Liver Transplant Recipients

• Sofosbuvir/velpatasvir plus ribavirin for 12 weeks applies to both pre- and post-transplant settings 1
• For patients awaiting transplant, treatment can continue up to 48 weeks or until transplantation to prevent post-transplant reinfection 5

HIV/HCV Coinfection

• Use identical HCV treatment regimens as HCV mono-infected patients with the same expected virological outcomes 1
• Screen for drug-drug interactions with antiretroviral medications 1, 2

Treatment Prioritization

Immediate treatment priority should be given to:

• Patients with advanced fibrosis (≥F3) or any degree of cirrhosis 1, 9
• Pre- and post-liver transplant patients 1
• Patients with severe extrahepatic manifestations 1
• Patients with hepatocellular carcinoma 1
• Individuals at high risk of HCV transmission (people who inject drugs, men who have sex with men with high-risk practices, women of childbearing age wishing to conceive, hemodialysis patients) 9

Critical Drug-Drug Interactions and Contraindications

Absolute contraindications include concomitant use of:

• P-glycoprotein (P-gp) inducers 1
• Moderate-to-strong CYP inducers (e.g., carbamazepine, phenytoin, phenobarbital, rifampin, St.
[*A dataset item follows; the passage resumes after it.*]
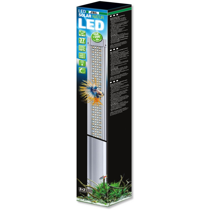 Особливості нових світильників JBL LED-SOLAR: СІД-лампи JBL LED SOLAR доступні як заміна для люмінесцентних ламп ВСІХ довжин. Базове обладнання JBL SOLAR NATUR містить, крім світильника, пульт дистанційного керування для простого та професійного керування лампою. За допомогою ІЧ-пульта дистанційного керування можна одночасно керувати кількома системами JBL LED SOLAR, оскільки частота ІЧ-приймачів ідентична. Якщо ви не бажаєте цього, ви повинні перемістити приймачі трохи далі один від одного. Тоді кожен світлодіодний блок може керуватися індивідуально за допомогою одного пульта дистанційного керування.

John's wort) which significantly decrease DAA concentrations and reduce efficacy 1, 7

Common pitfall: First-generation anticonvulsants (carbamazepine, phenytoin, phenobarbital) are contraindicated with DAAs due to enzyme induction, though limited case series suggest some patients may still achieve SVR if coadministration cannot be avoided 7. However, every effort must be made to switch to alternative anticonvulsants before initiating DAA therapy 7.

Monitoring Protocol

HCV RNA monitoring schedule:

• Baseline (pre-treatment) 1, 2
• Week 4 during treatment 1
• Week 12 during treatment (end of treatment for most regimens) 1
• Week 12 post-treatment (SVR12) - this is the primary endpoint defining cure 1, 2, 9

HBV monitoring in coinfected patients:

• Monitor for hepatitis flare or HBV reactivation during HCV treatment and post-treatment follow-up 3, 4, 5, 6
• Initiate HBV antiviral therapy as clinically indicated if reactivation occurs 3, 4, 5

Expected Outcomes and Definition of Cure

SVR12 (undetectable HCV RNA 12 weeks after treatment completion) represents cure and is achieved in >95-99% of patients with modern DAA regimens 1, 2, 9, 10:

• Prevents cirrhosis complications, hepatocellular carcinoma, extrahepatic manifestations, and death 1, 9
• Improves liver histology and quality of life 1, 2, 9
• Reduces risk of cirrhotic complications and hepatocellular carcinoma 1, 2

Critical caveat: Patients with established cirrhosis (F4) or advanced fibrosis (F3) remain at reduced but ongoing risk for hepatocellular carcinoma even after achieving SVR and require continued HCC surveillance with ultrasound every 6 months indefinitely 9.

Special Considerations

The evidence provided includes outdated guidelines from 2011-2013 discussing interferon-based regimens and first-generation protease inhibitors (telaprevir, boceprevir) 11. These regimens are obsolete and should not be used - modern pangenotypic DAA regimens are interferon-free, ribavirin-free (except in decompensated cirrhosis), significantly more effective, and far better tolerated 1, 2, 10.